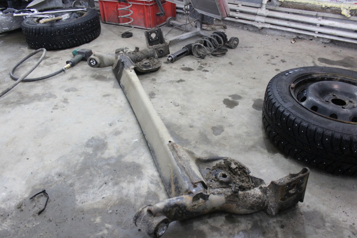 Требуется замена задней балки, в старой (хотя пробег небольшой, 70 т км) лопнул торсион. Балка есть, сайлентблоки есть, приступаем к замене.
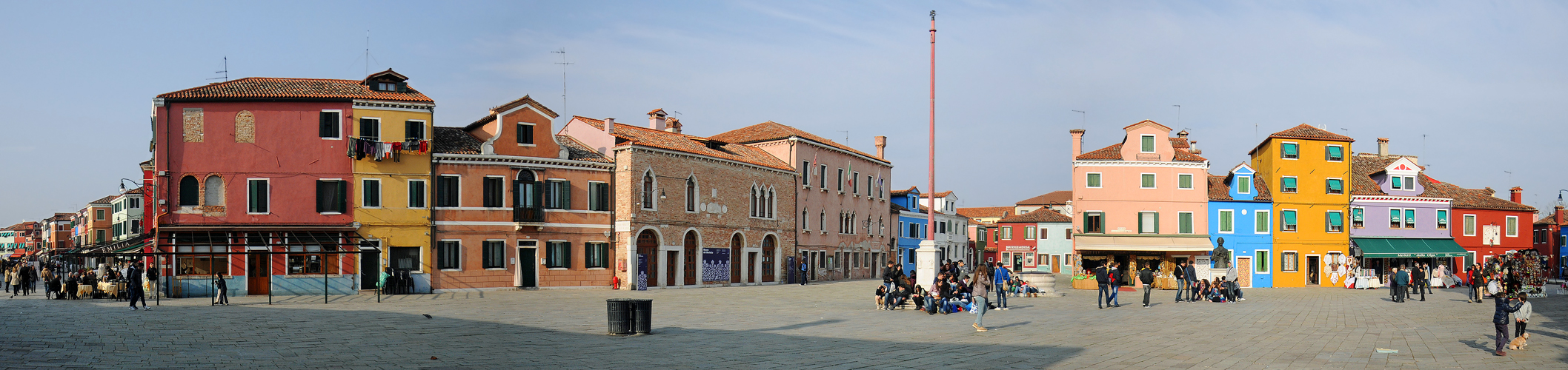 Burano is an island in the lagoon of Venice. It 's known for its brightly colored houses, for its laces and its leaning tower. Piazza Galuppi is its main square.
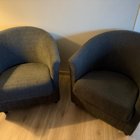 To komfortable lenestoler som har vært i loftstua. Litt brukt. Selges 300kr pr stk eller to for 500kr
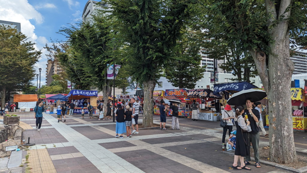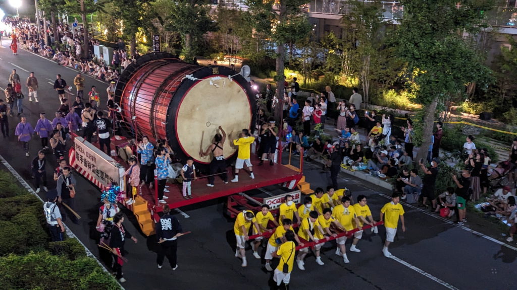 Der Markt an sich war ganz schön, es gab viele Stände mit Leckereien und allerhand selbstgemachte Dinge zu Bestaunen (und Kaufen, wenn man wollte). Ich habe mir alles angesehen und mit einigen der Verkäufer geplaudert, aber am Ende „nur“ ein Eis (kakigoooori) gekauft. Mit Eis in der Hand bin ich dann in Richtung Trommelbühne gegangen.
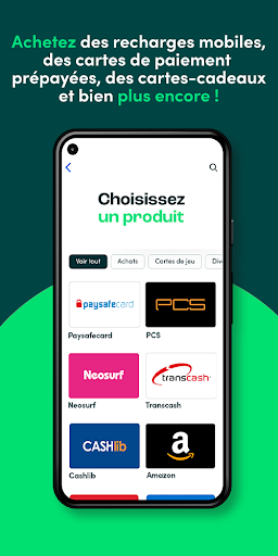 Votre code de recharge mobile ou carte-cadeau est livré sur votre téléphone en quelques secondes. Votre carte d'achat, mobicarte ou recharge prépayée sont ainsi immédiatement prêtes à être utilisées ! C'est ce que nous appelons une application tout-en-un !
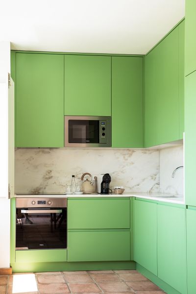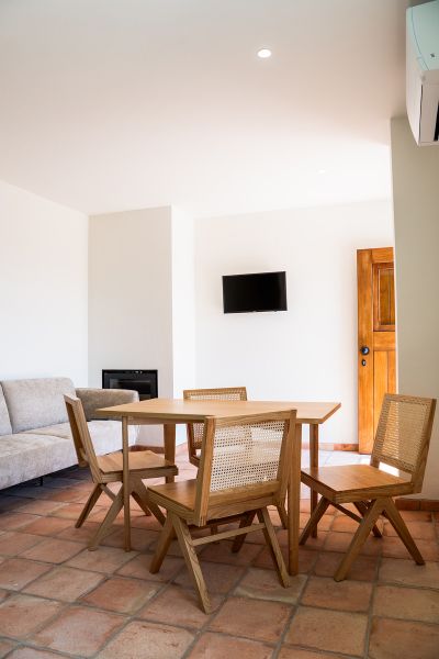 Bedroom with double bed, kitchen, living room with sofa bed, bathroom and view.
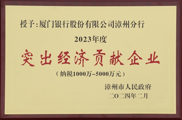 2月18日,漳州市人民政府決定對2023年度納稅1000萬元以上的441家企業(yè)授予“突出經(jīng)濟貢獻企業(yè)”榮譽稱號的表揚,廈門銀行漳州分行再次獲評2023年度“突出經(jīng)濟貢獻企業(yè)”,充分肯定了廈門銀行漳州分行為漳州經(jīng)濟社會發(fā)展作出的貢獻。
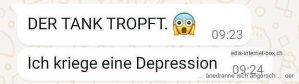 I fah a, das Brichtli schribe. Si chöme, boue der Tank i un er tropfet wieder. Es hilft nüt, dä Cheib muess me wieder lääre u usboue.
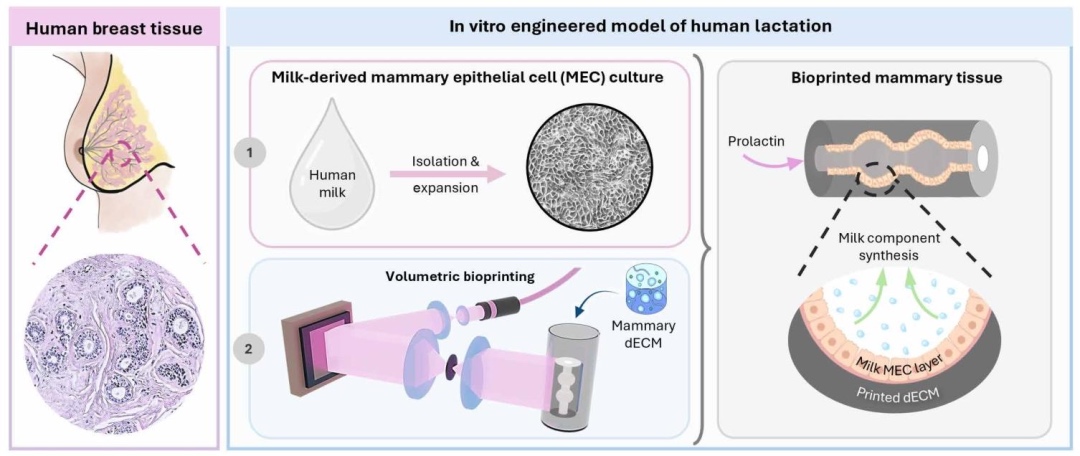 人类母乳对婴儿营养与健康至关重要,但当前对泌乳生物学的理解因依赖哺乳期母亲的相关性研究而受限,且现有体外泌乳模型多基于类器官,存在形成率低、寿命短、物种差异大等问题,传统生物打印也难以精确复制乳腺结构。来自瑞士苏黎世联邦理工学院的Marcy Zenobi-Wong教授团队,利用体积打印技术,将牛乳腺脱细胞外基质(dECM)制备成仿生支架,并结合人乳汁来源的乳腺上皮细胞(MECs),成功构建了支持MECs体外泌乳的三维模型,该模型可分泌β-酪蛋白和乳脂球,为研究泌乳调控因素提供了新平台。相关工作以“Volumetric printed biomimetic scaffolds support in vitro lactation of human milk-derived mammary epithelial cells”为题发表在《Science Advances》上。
# # #
» Problem statement
Although the records above contain pictures, the copy should not; retype exactly the lines from the one containing "To komfortable lenestoler" through the one containing "Der Markt an".

» Answer to this exercise
 To komfortable lenestoler som har vært i loftstua. Litt brukt. Selges 300kr pr stk eller to for 500kr
 Der Markt an sich war ganz schön, es gab viele Stände mit Leckereien und allerhand selbstgemachte Dinge zu Bestaunen (und Kaufen, wenn man wollte). Ich habe mir alles angesehen und mit einigen der Verkäufer geplaudert, aber am Ende „nur“ ein Eis (kakigoooori) gekauft. Mit Eis in der Hand bin ich dann in Richtung Trommelbühne gegangen.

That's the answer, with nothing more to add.